21. The apparatus of any of claims 12-20, wherein the first electronic device comprises a hardware service module and a distributed hardware module, the first electronic device running a third application; the processing unit is further configured to:

after receiving a third request from the third application through the hardware service module, invoking a hardware driver through the hardware service module, wherein the second request is used for invoking second hardware, and the second hardware is hardware in the first electronic device;

if the second hardware is called by the second electronic device, acquiring a second conflict processing strategy from the distributed hardware module through the hardware driver, wherein the second conflict processing strategy comprises that the second hardware is allowed to be preempted or the second hardware is not allowed to be preempted;

and if the second conflict processing strategy is that the second hardware is allowed to be preempted, calling the second hardware through the hardware driver.

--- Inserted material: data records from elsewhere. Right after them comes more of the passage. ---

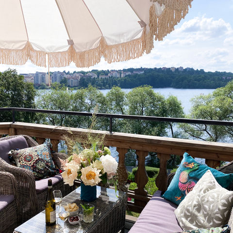 Vår terrass har en av Stockholms bästa utsikter över Ulvsundasjön och kvällssolen.
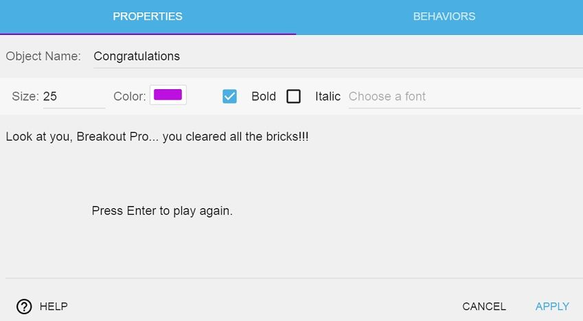 • In the Text field, type a congratulatory message (e.g. Congratulations! You cleared all the blocks!). Also include a line telling the player "Press Enter to play again."
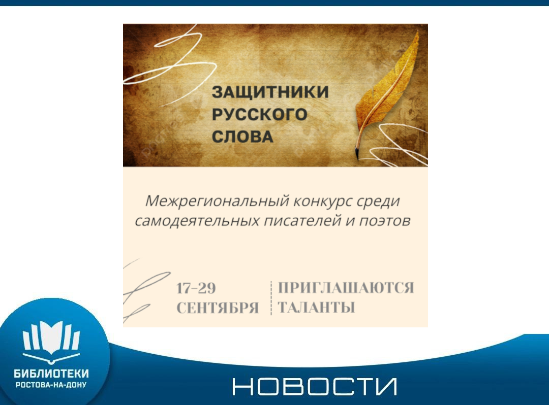 Краснодарская краевая универсальная научная библиотека им. А.С. Пушкина приглашает принять участие в межрегиональном конкурсе «Защитники Русского Слова». Участниками конкурса могут стать самодеятельные писатели и поэты в возрасте от 18 лет и старше, не являющиеся членами творческих союзов писателей, проживающие на территории Южного федерального округа. Конкурс проводится по двум номинациям – «Прозаическое произведение малой формы» и «Поэтическое произведение». Подробную информацию об условиях конкурса, ...
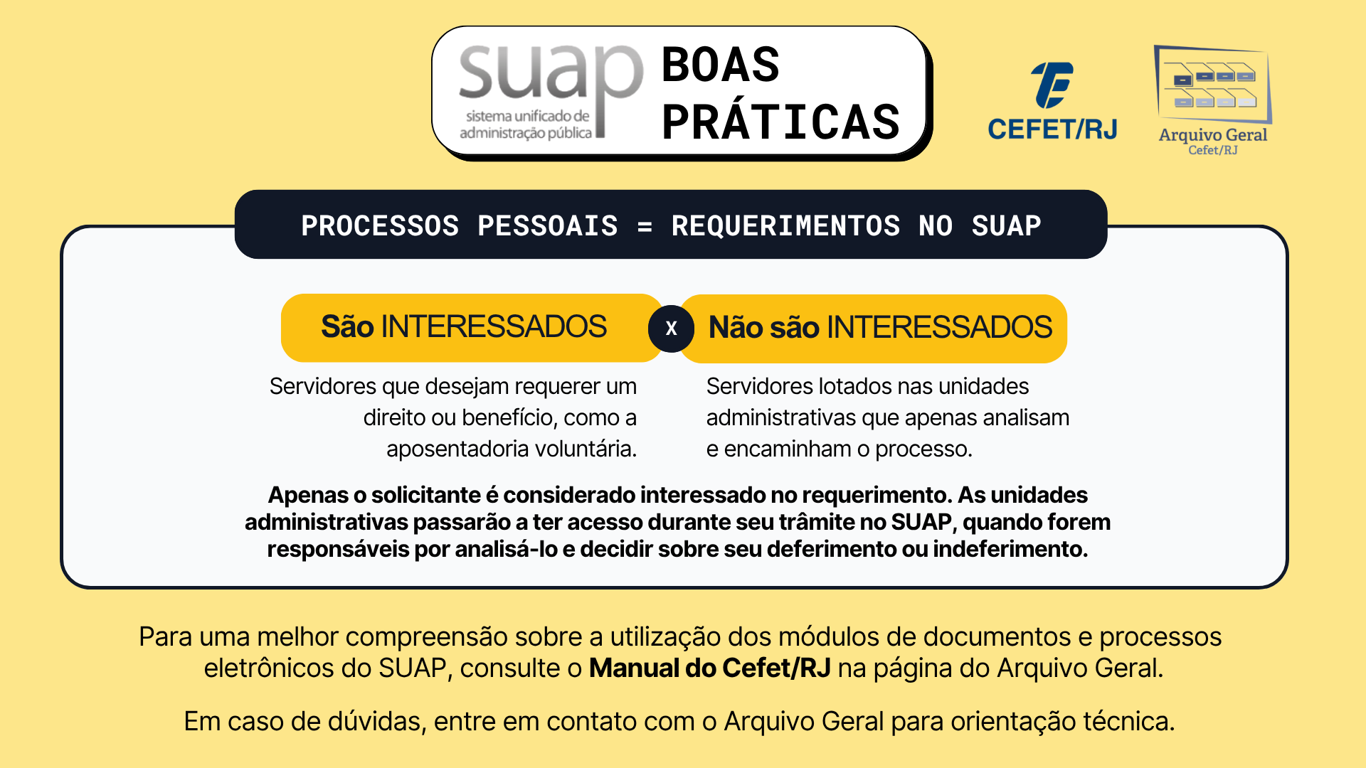 Dando continuidade à campanha “Boas práticas no SUAP”, o Arquivo Geral orienta os servidores sobre a abertura de processos pessoais, que é realizada por meio da funcionalidade “Requerimento”. Ao abrir um processo pessoal, o interessado é o solicitante que está requerendo um direito, benefício etc.
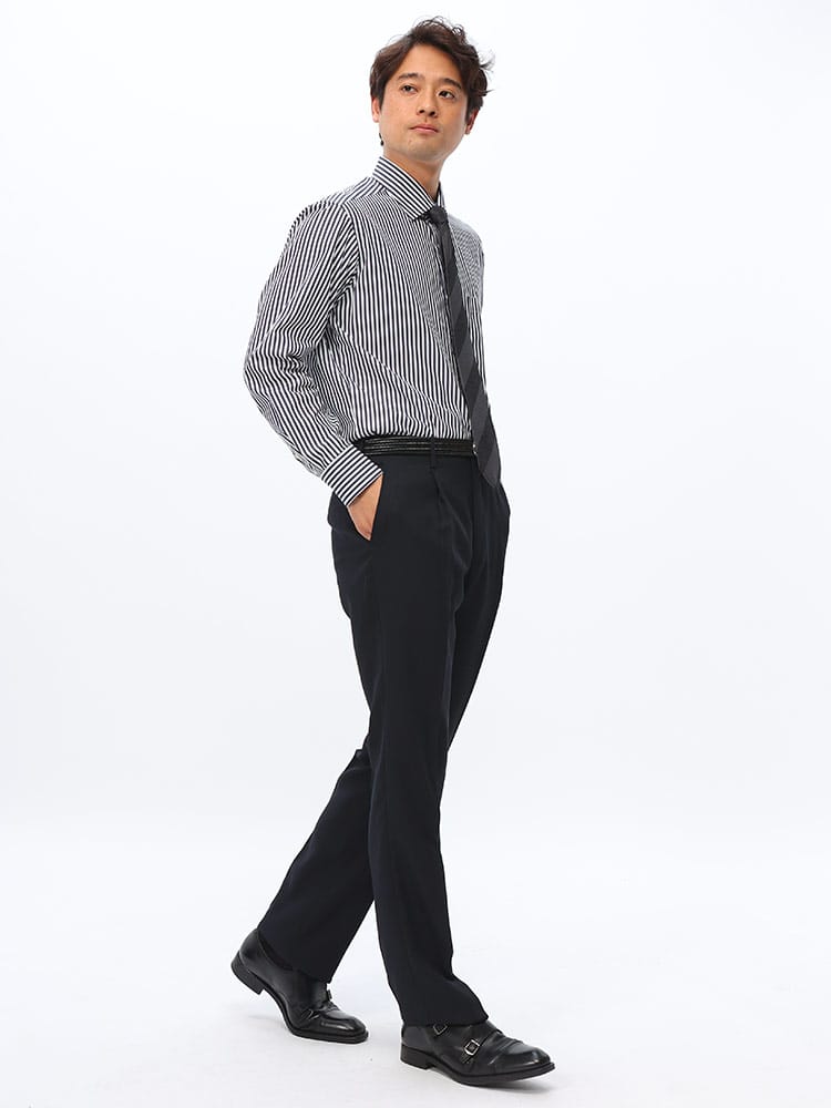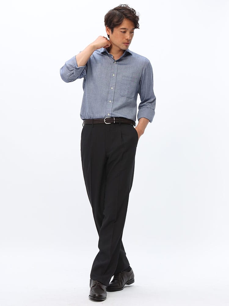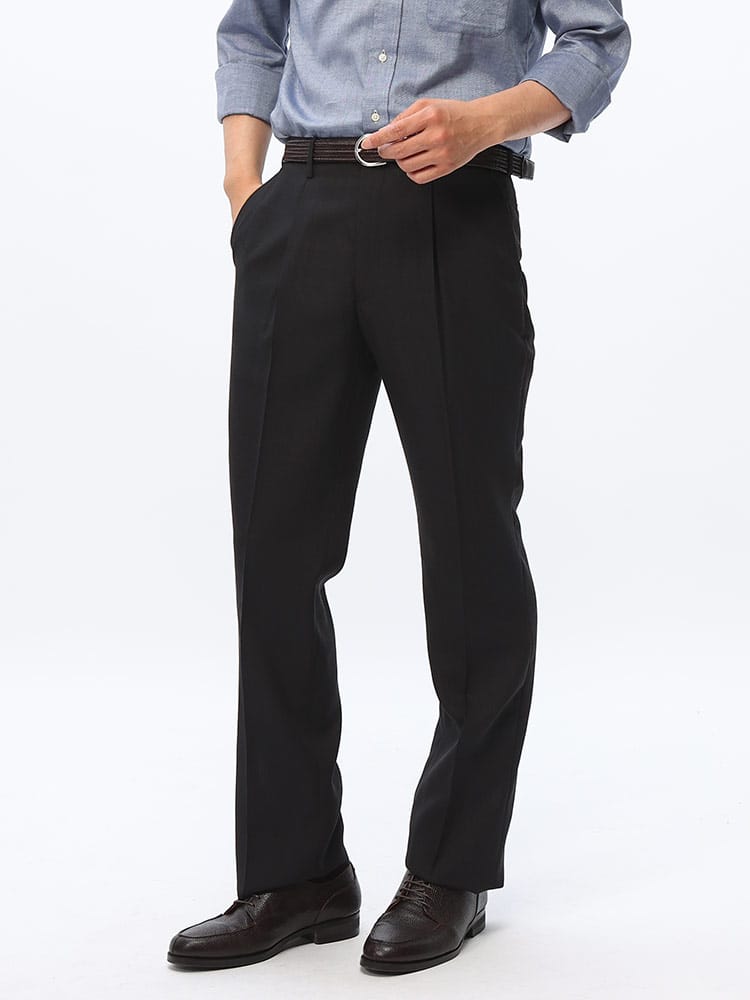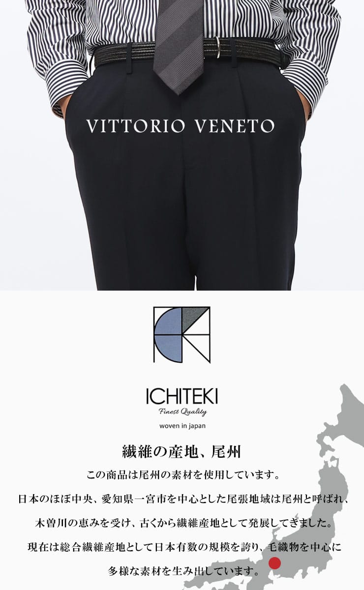「JAPAN FABRIC イチテキ ワンタック スラックス」は、尾州繊維を使用し、古来からの伝統を現代のシルエットに仕立て上げた逸品です。[BISHU JAPAN ICHITEKI]の名にふさわしい、最高品質の素材が使用されています。品質の高い尾州産ウール混紡素材を使用しております。一本一本の繊維にこだわり、肌触りが柔らかく、快適な着心地を実現しています。デザインにはワンタックを採用し、すっきりとしながらも動きやすいシルエットを提供します。ビジネスシーンからカジュアルまで、幅広く活躍するアイテムです。
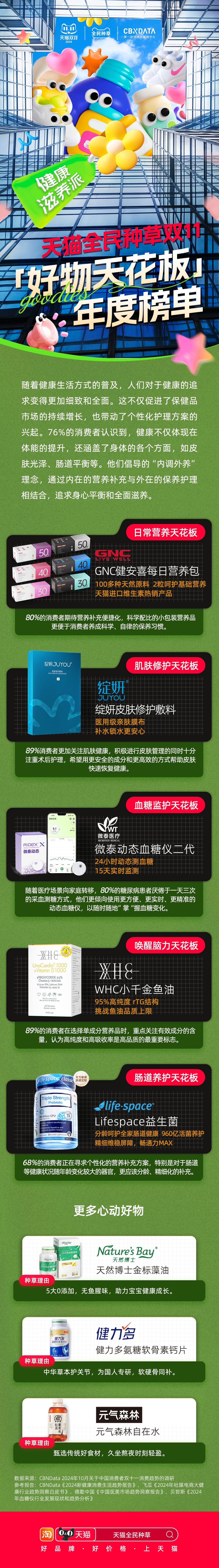 在身体健康方面,人们开始寻求更细致且全面的养护。有76%的消费者意识到,健康已经不仅仅是体能,而是涵盖皮肤光泽、肠道平衡等体系化的全面滋养。明显展现出这种趋势的是GNC健安喜每日营养包的入选,凭借技术创新和科学专利配方,相关产品在过去一年中销量不俗,成为健康类目下的「日常营养天花板」。这也展现了消费者注重投入比,追求高效便捷的“轻态化”健康生活模式。
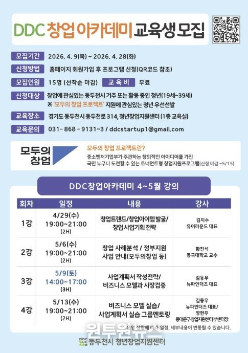 (원투원뉴스) 동두천시 청년창업지원센터는 지역 청년들의 창업 역량 강화와 성공적인 창업 지원을 위해 4월 9일부터 4월 28일까지 ‘DDC 창업아카데미’ 교육생을 모집한다.
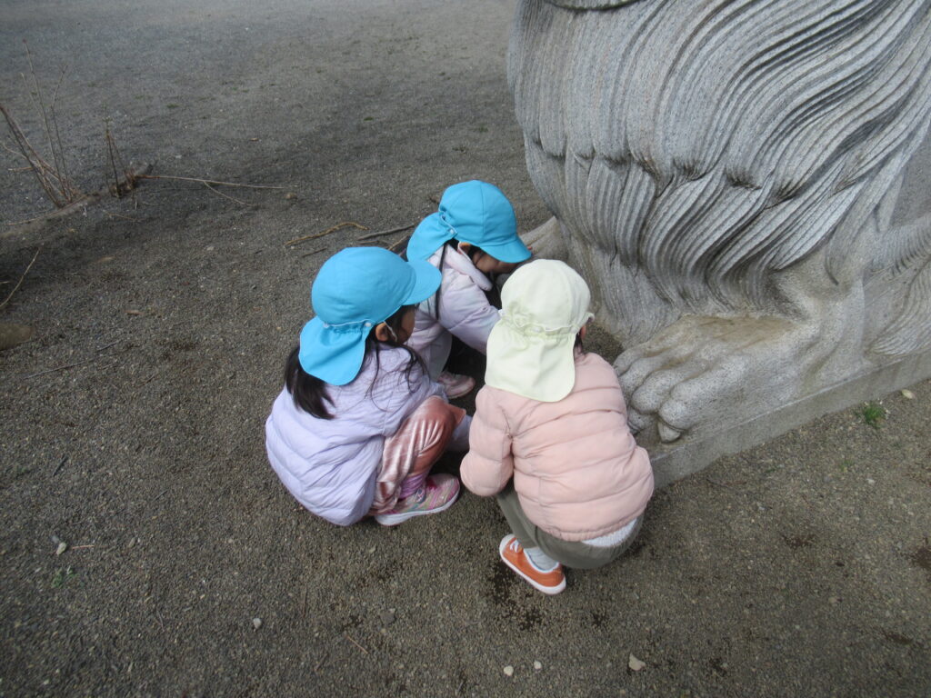 ライオンの像には「たくさん食べてね。」と声を掛けながら、砂利や枝を用意して食べさせてあげる姿もあり、
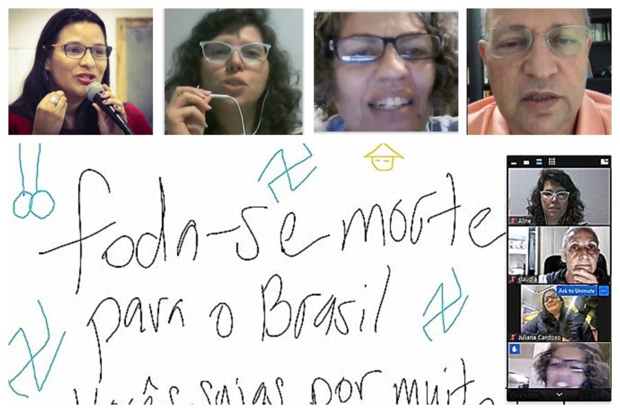 Suástica, palavrões, frases em outros idiomas, vozes masculinas
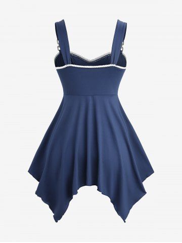Plus Size Lace Trim Lace-up Two Tone Handkerchief Buckle Tank Top - Blue - 3x | Us 22-24
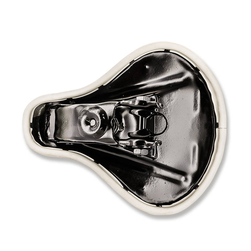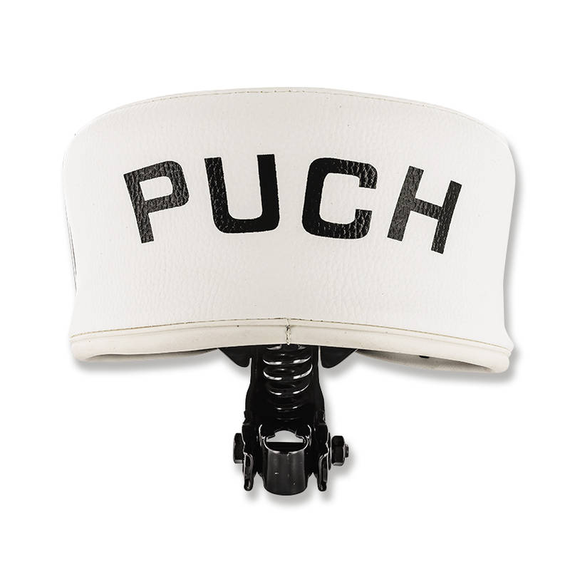 Sattel im originalen Look der alten Maxi N und 2-Gang Modelle mit weissem Leder bezogen. Der Sattel ist schön verarbeitet und hat auf der Hinterseite einen schwarzen „PUCH“ Schriftzug.
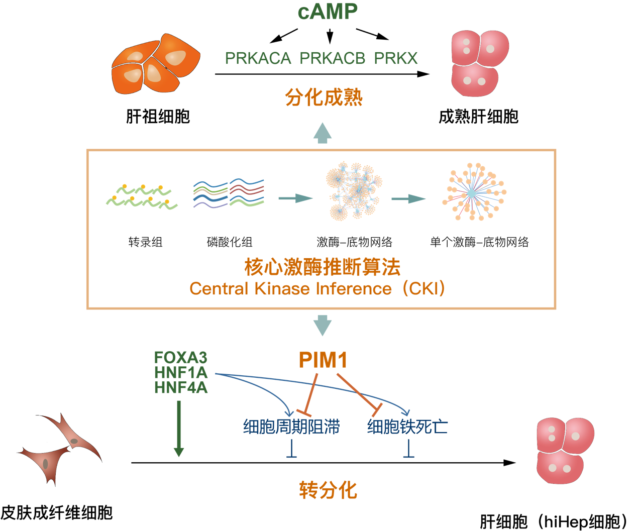 肝细胞在药物评价、细胞治疗、生物人工器官等领域具有重要的应用价值。然而,如何高效获取具有成熟功能的肝细胞一直是瓶颈问题。本研究团队基于CKI算法预测出PIM1是肝向转分化的关键调控激酶(图一)。进一步研究发现过表达PIM1可以抑制细胞命运转变导致的细胞周期阻滞和细胞铁死亡,从而大幅提高肝向转分化的效率,并能显著促进转分化肝细胞的成熟。这项工作利用CKI算法也发现了双分化潜能的小鼠肝祖细胞在向成熟肝细胞分化过程中,环磷酸腺苷(cAMP)通过蛋白激酶C的激酶活性亚基(亚基、亚基)、X-连锁蛋白激酶等促进肝细胞成熟的机制。该项研究不仅为更高效地获取成熟的转分化肝细胞提供了关键的机制基础,也为多组学整合的重要激酶预测提供了高效的计算方法。
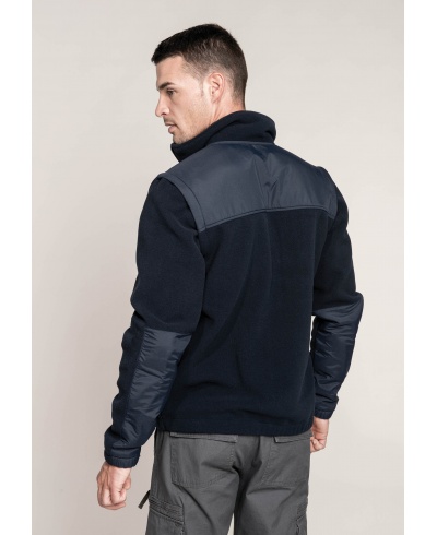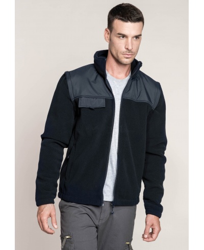 Außenmaterial: 100 % Polyesterfleece 400 g/m². Verstärkungen 100 % Polyester-Taslan mit Acrylbeschichtung. Ärmel mit 210T Polyester-Innenfutter. 2-in-1-Fleecejacke. 2 Reißverschluss-Vordertaschen und 1 Reißverschluss-Brusttasche mit Klappe und Klettverschluss. Besätze Ton-in-Ton vorn, hinten und an den Unterarmen. Front und Rücken leicht veredelbar. Polyester gefütterte, abnehmbare Ärmel für mehr Komfort. Ärmelbündchen und Bund elastisch.
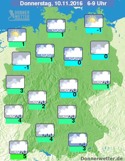 Die Höchsttemperatur liegt um 5 Grad C im Schwarzwald und minus 1 Grad C im Münsterland.
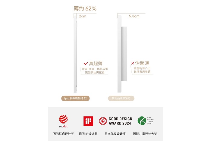 在工業(yè)設計上,lipro開創(chuàng)性地將手機級超薄理念引入照明領域,圓形臥室吸頂燈厚度被壓縮至驚人的2cm,視覺厚度也較傳統(tǒng)吸頂燈減薄62%。這種「隱于無形」的極致超薄設計,不僅極大提升了空間的美觀度和科技感,也徹底改變了吸頂燈在家居中的角色。lipro多款產(chǎn)品相繼獲得國際紅點設計獎、德國IF設計獎、日本優(yōu)良設計獎、國際兒童設計大獎。
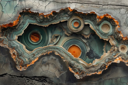 Explore the mesmerizing details of an agate geode in this close-up image. Vibrant layers in blue and orange highlight the natural beauty of this geological wonder.
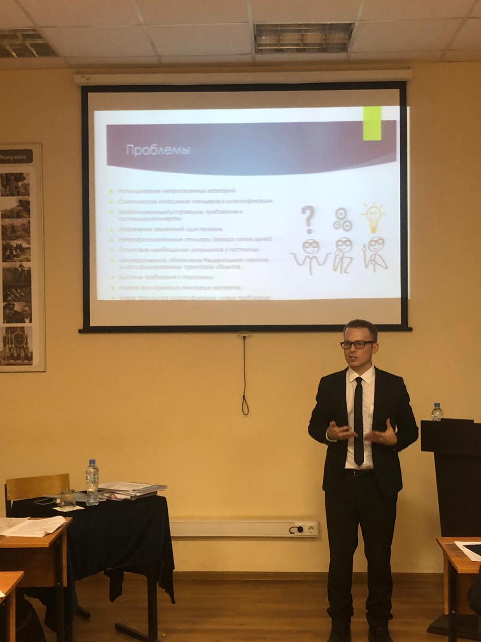 Представители РМАТ приняли участие в дискуссии в рамках секции «Потенциал и перспективы развития индустрии гостеприимства г. Москвы». С докладом «Проблемы и перспективы развития системы классификации гостиниц и иных средств размещения» выступил старший преподаватель кафедры туроперейтинга, эксперт по классификации гостиниц Арсений Роман Михайлович. В его выступлении был представлен анализ изменения нормативно-правовой базы классификации гостиниц, связанной с принятием «закона о классификации» и переходом сферы туризмы от Министерства культуры к Министерству экономического развития. Доклад вызвал живой интерес и оживленную дискуссию.
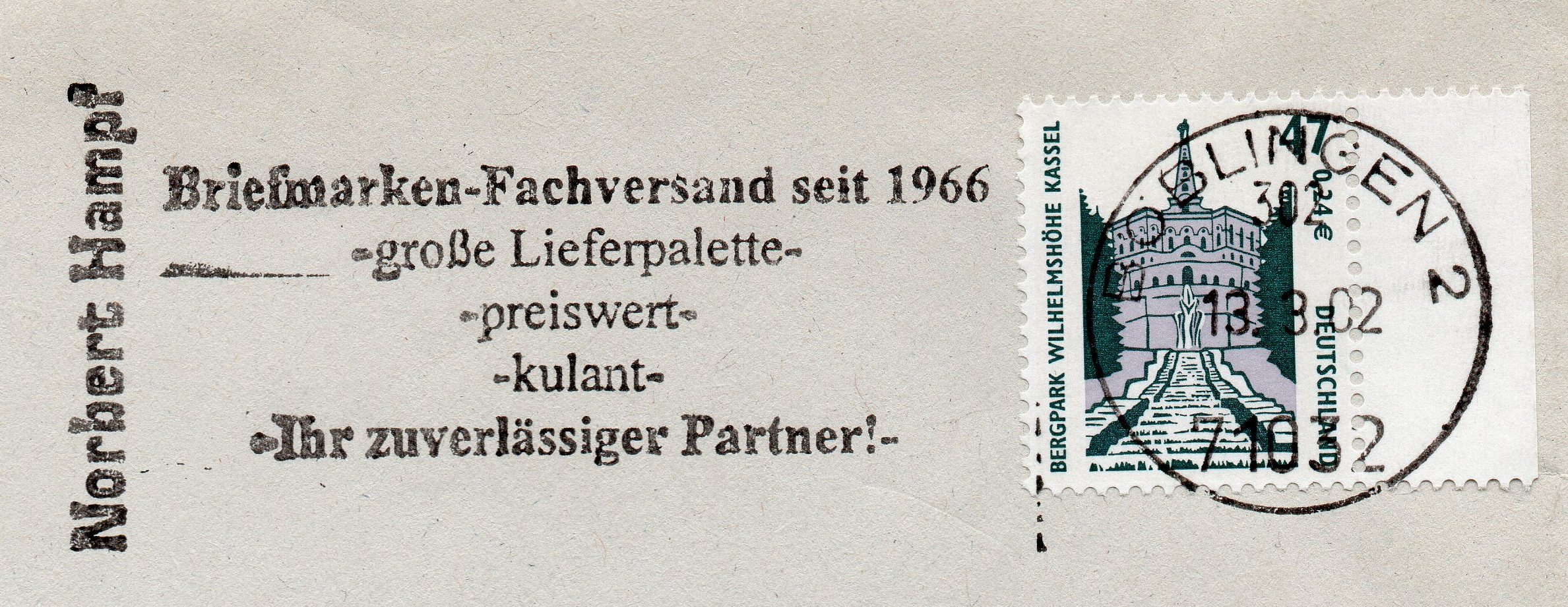 Hier noch der versprochene blaue Stempel, leider nur auf Einzelmarke und nicht auf Briefstück oder Brief, daher unvollständig. Der Stempeltyp ist etwas anders, aber auch hier wurde ein Freistempel zur Entwertung verwendet. Diese blauen Stempel sind mir nur aus Bielefeld bekannt, dafür von verschiedenen Stempeltypen.
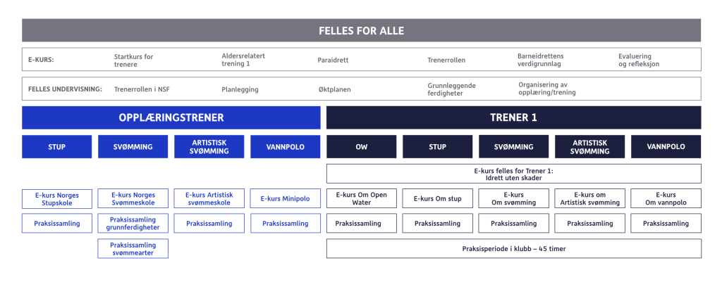 Norges Svømmeforbund har i forbindelse med ny utdanningsmodell for Instruktør- og Trener 1-utdanningen også tatt en liten oppfriskning av sine ekurs.

22. The apparatus of claim 21, wherein the processing unit is further configured to:

and if the second conflict processing strategy is that the second hardware is not allowed to be preempted, sending a notification that the second hardware is not allowed to be preempted to the hardware service module through the distributed hardware module, and sending a notification that the second hardware is not allowed to be preempted to the third application through the hardware service module.

23. An electronic device, comprising:

a processor;

a memory coupled to the processor and storing a program for execution by the processor, wherein the program, when executed by the processor, causes the electronic device to perform the method of any of claims 1-11.

24. A computer readable storage medium having instructions stored thereon which, when executed by a processor, implement the method of any of claims 1-11.

25. A computer program product comprising a computer program which, when executed by a processor, implements the method of any of claims 1-11.